# CC Spectrum 10 Dilution Question



## wildcard (Jan 5, 2009)

For those of you using CC Spectrum 10 (shampoo and conditioner) on show days, are you diluting and if so at what ratio? I think the label says dilute up to 16:1. I am dealing with a thick and sometimes dry coat. Thanks in advance!

Stacy Newton
JuJu, Dillin and Quinn
plus Papillons galore and a Yorkie


----------



## jmm (Nov 23, 2004)

If I can I will gently work the conditioner in straight - just be very gentle (typically I would dilute and pour over the dog). I do 16:1 for the shampoo.


----------



## bellaratamaltese (May 24, 2006)

On show days, I dilute both. I keep mine in oil so I use a clarifying to get the oil out, then two shampoos (diluted 15.1) then dilute the conditioner to about 5 or 6 to 1 just because it makes it easier to disperse in the coat, not because I feel it's too 'strong' to use full strength. If they arent' in oil, one shampoo seems to do the trick.


----------



## wildcard (Jan 5, 2009)

Yes, I use Vellus clarifying for his first shampoo since he is oil, very light oil, but it still needs to be taken out. Thanks for the help! Stacy


----------



## Chantilly Lace (Jan 31, 2010)

bellaratamaltese said:


> On show days, I dilute both. I keep mine in oil so I use a clarifying to get the oil out, then two shampoos (diluted 15.1) then dilute the conditioner to about 5 or 6 to 1 just because it makes it easier to disperse in the coat, not because I feel it's too 'strong' to use full strength. If they arent' in oil, one shampoo seems to do the trick.

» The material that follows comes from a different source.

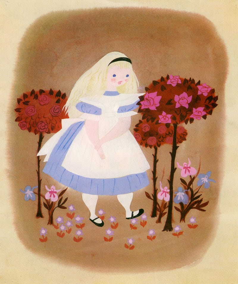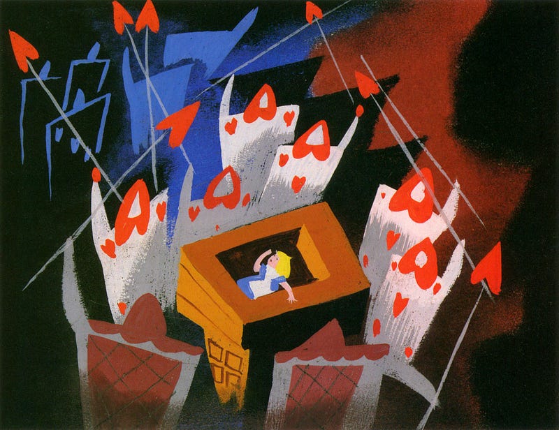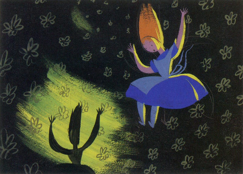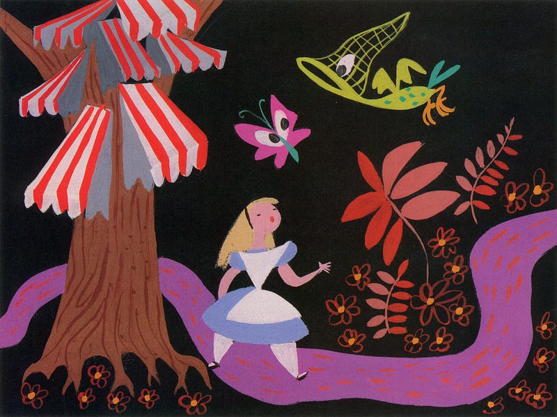 Concept art by Mary Blair for Alice in Wonderland (1951).

How do you oil a coat and what product do you use? Chantilly's hair I think is a little on the dry side. Do you think oiling the coat would help!


----------



## wildcard (Jan 5, 2009)

This boy is in a very low dilution of Pure paws oil, a bit of their silk, and a bit of their moisturizing conditioner, mixed with warm water. Very close to what is used in the viedeo on the Pure Paws website, I think it is the 4th one down that shows how to do it.

Another of my Maltese has a very fine, thin coat and eats his wrappers so I use a heavier oil on him- after bath and conditioner I spray on Plush Puppy Seabreeze oil. He is very greasy afterwards but the coat is well protected.

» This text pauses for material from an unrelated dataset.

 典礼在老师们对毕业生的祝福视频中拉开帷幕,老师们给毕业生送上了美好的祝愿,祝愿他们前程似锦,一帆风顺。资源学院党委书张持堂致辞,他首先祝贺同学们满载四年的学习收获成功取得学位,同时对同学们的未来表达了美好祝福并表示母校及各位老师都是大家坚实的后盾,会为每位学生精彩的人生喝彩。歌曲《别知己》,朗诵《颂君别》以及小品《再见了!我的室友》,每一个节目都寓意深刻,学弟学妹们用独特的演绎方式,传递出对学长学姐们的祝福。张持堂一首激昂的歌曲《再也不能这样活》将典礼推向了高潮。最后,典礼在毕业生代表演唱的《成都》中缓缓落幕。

On my oldest maltese who has been cut down but is now growing out I use Summerwinds oil mixed with their conditioner and water.

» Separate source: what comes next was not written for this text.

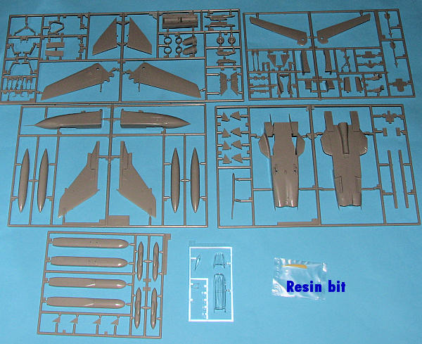 For things under wings/fuselage, you have a pair of wing tanks with Sidewinders for the inner pylon, a set of ECM pods for the outer pylons, and what looks to be a cluster bomb dispenser for the centerline. I should mention that the resin shard fits opposite the targeting window on the underside of the nose. You'll also have to open holes in the wings for the pylons and fill in the left side gun as that space is taken by the electronics for the FLIR.

All 3 have different coats and figuring out what works best has only come about from the advice of their breeders along with a little trial and error. All three are bathed with a gentle clarifying shampoo, then their regular shampoo (depending on the dog) then conditioned and put back in their oil recipe. This keeps the oil from building up too much so I don't have much trouble when I take them out of oil for a few days at a show.

I am not an experience Maltese groomer, this is just what works for my 3.


----------



## bellaratamaltese (May 24, 2006)

I haven't tried the Pure paws oil but i do use Neutrogena bath oil on mine. Using oil isn't really a 'fix' for dryness it's more of a preventative measure for matting. I use 2 capfuls of the bath oil in 2 qts of water with a few squirts of conditioner and then at the end of the bath, I pour it over the coat and it stays there.


----------